PR #1365 — checker-log-analyzer

PR: #1365
Checker run: https://github.com/qualcomm-linux/kernel-config/actions/runs/27598598211

Checker Result Summary
Checker Result Summary
checkpatch ⚠️ 2 commits have alignment style issues (non-blocking CHECK warnings)
dt-binding-check No device tree binding issues
dtb-check No device tree blob issues
sparse-check No sparse warnings
check-uapi-headers No UAPI header issues
check-patch-compliance All 5 commits missing required subject prefix
tag-check N/A Not applicable for topic branches
qcom-next-check ⚠️ Patches have Upstream-Status: Submitted but missing FROMLIST: prefix

Detailed report: Full report

Checker analysis — click to expand

🤖 CI Checker Analysis (checker-log-analyzer)

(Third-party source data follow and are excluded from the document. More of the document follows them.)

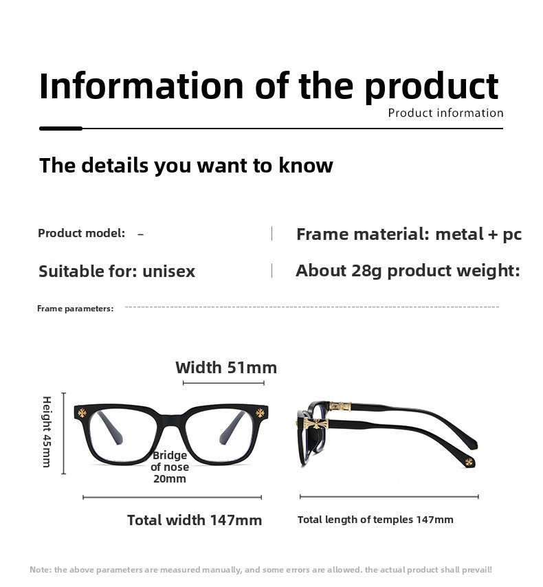 Frame colors: Black frame gold, black frame silver, transparent gold, transparent silver, bean curd gold, milk silver, transparent gray silver
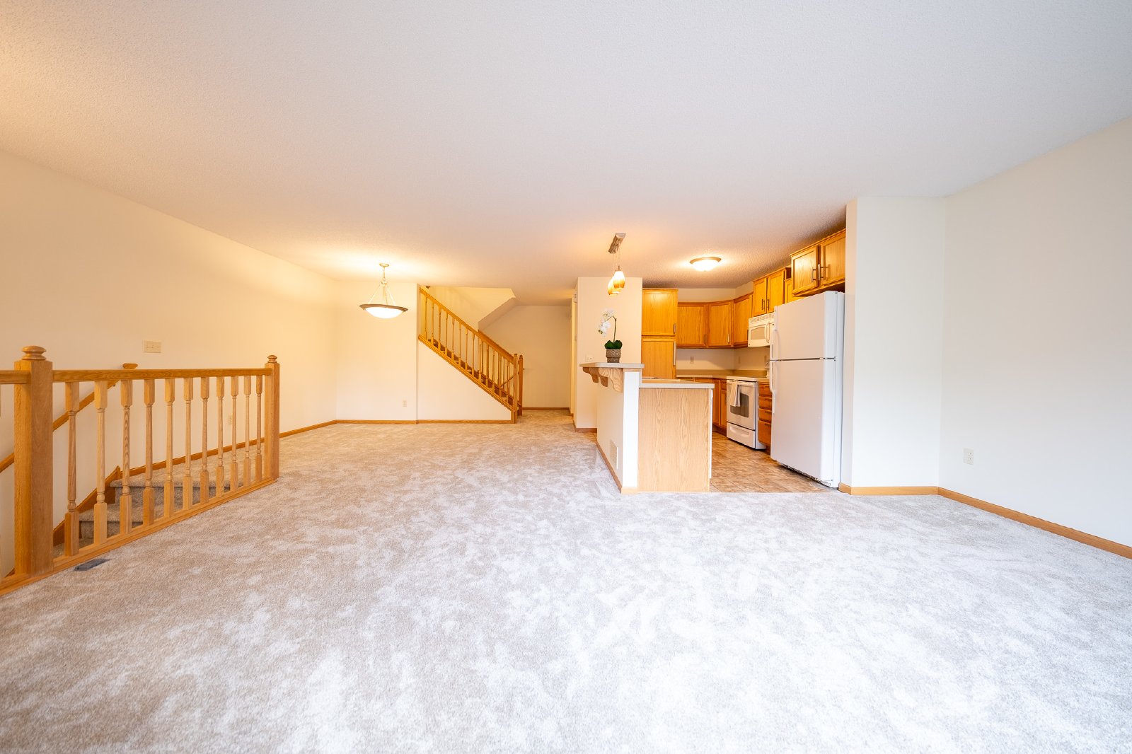 Welcome to 14137 Wilds Path, nestled in the heart of beautiful Prior Lake! This 2-bedroom, 3-bathroom townhome offers 1,565 finished square feet of warm, comfortable living space that's ready for you to call home. From the moment you walk in, you'll appreciate the fresh interior paint, and brand-new carpet. The main level features an open-concept layout that flows effortlessly—perfect for cozy nights in or hosting friends. The kitchen offers quality finishes, ample space, and smart design that makes both everyday living and entertaining a breeze. Upstairs, you'll find a spacious primary suite complete with a private full bath and walk-in closet. The second bedroom is perfect for guests, a home office, or both, with another full bathroom nearby for added privacy and convenience. You'll also enjoy the versatile loft area—ideal for a reading nook, media space, or flexible workspace. Additional perks include an oversized two-car garage and a brand-new maintenance free deck. And the location is a standout—situated right next to The Wilds Golf Club, one of the area's top-ranked courses, and just minutes from Mystic Lake Casino and Canterbury Park. This home offers the perfect blend of comfort, function, and lifestyle.
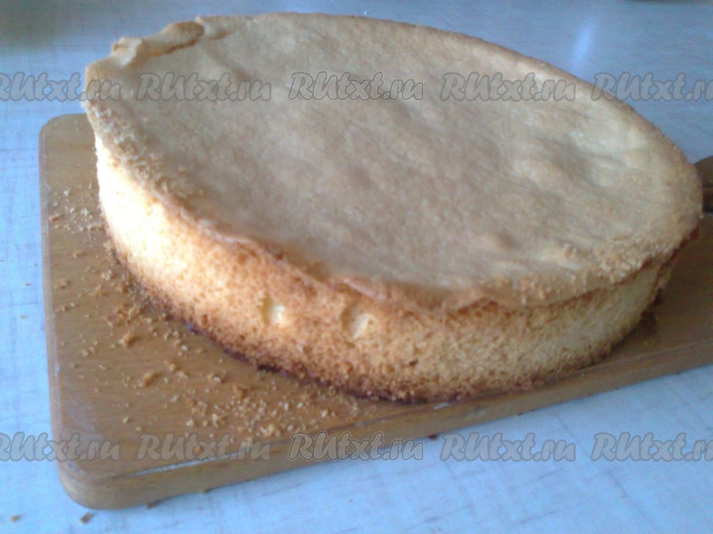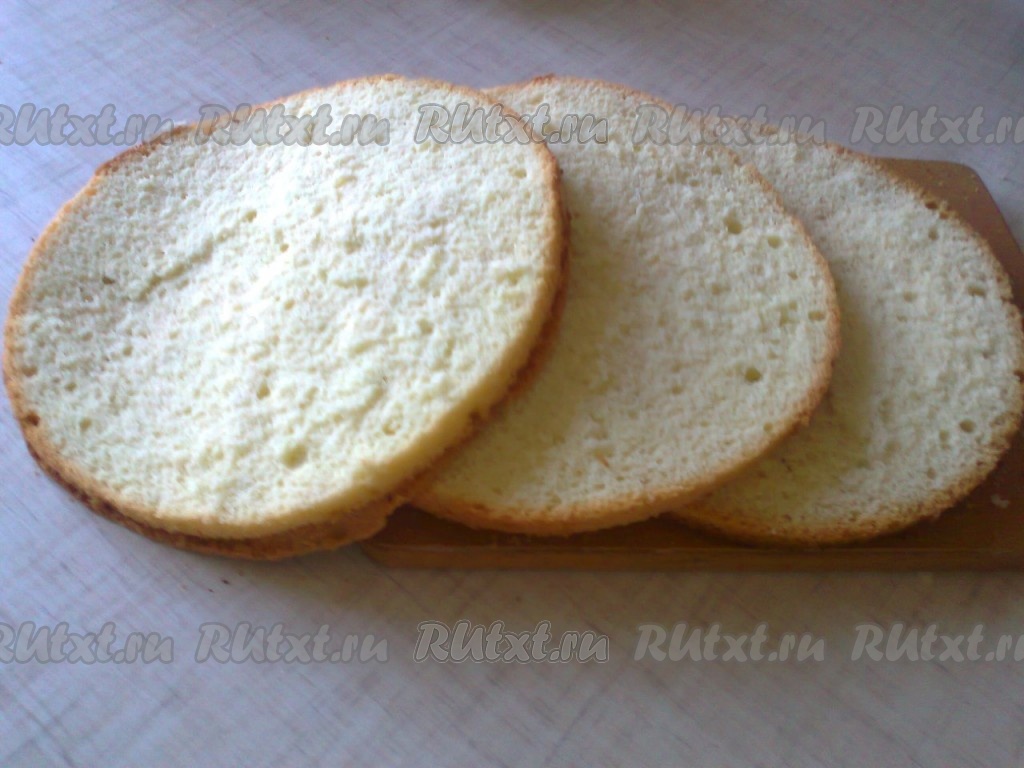 Затем надо смешать сметанный и белковый крем. Бисквитный корж разрезать на 3 части.

PR: drm/msm GPU recovery and register fixes (#1365)
Source: https://github.com/qualcomm-linux/kernel-config/actions/runs/27598598211

Checker Result Summary
checkpatch ⚠️ 2 commits have alignment style issues (non-blocking CHECK warnings)
dt-binding-check No device tree binding issues
dtb-check No device tree blob issues
sparse-check No sparse warnings
check-uapi-headers No UAPI header issues
check-patch-compliance All 5 commits missing required subject prefix
tag-check N/A Not applicable for topic branches
qcom-next-check ⚠️ Patches have Upstream-Status: Submitted but missing FROMLIST: prefix

❌ check-patch-compliance

Root cause: All 5 commits are missing the required FROMLIST: subject prefix despite having Upstream-Status: Submitted tags.

Failure details:

Checking commit: drm/msm: Recover HW before retire hung submit
Commit summary does not start with a required prefix

Checking commit: drm/msm/a6xx: Fix A663 GPUCC register list for state capture
Commit summary does not start with a required prefix

Checking commit: drm/msm/a6xx: Fix A621 GPUCC register list for state capture
Commit summary does not start with a required prefix

Checking commit: drm/msm/a6xx: Fix IRQ storm during msm_recovery test
Commit summary does not start with a required prefix

Checking commit: drm/msm: Fix task_struct reference leak in recover_worker
Commit summary does not start with a required prefix

Fix: Add FROMLIST: prefix to all commit subjects since they have Upstream-Status: Submitted tags. The subjects should be:

  1. FROMLIST: drm/msm: Recover HW before retire hung submit
  2. FROMLIST: drm/msm/a6xx: Fix A663 GPUCC register list for state capture
  3. FROMLIST: drm/msm/a6xx: Fix A621 GPUCC register list for state capture
  4. FROMLIST: drm/msm/a6xx: Fix IRQ storm during msm_recovery test
  5. FROMLIST: drm/msm: Fix task_struct reference leak in recover_worker

Reproduce locally:

git log --oneline <base>..<head>
# Verify each commit subject starts with FROMLIST:, UPSTREAM:, or BACKPORT:

⚠️ checkpatch (non-blocking)

Root cause: Two commits have minor alignment style issues that checkpatch flags as CHECK warnings (not errors).

Failure details:

Commit 3/5 (5cbab28782d0):

CHECK: Alignment should match open parenthesis
#36: FILE: drivers/gpu/drm/msm/adreno/a6xx_gpu_state.c:1252:
+		_a6xx_get_gmu_registers(gpu, a6xx_state, &a623_gpucc_reg,
+			&a6xx_state->gmu_registers[2], false);

Commit 4/5 (b4631ef4a65d):

CHECK: Alignment should match open parenthesis
#36: FILE: drivers/gpu/drm/msm/adreno/a5xx_gpu.c:1286:
+		gpu_write(gpu, REG_A5XX_RBBM_INT_0_MASK,
+			       A5XX_RBBM_INT_0_MASK_CP_CACHE_FLUSH_TS |

Fix: Align continuation lines with the opening parenthesis:

For commit 3/5:

_a6xx_get_gmu_registers(gpu, a6xx_state, &a623_gpucc_reg,
                        &a6xx_state->gmu_registers[2], false);

For commit 4/5:

gpu_write(gpu, REG_A5XX_RBBM_INT_0_MASK,
          A5XX_RBBM_INT_0_MASK_CP_CACHE_FLUSH_TS |

Reproduce locally:

./scripts/checkpatch.pl --strict --git <base>..<head>

Verdict

2 blockers must be fixed:

  1. BLOCKER: Add FROMLIST: prefix to all 5 commit subjects (check-patch-compliance failure)
  2. OPTIONAL: Fix alignment issues in commits 3/5 and 4/5 (checkpatch CHECK warnings are non-blocking but recommended to fix)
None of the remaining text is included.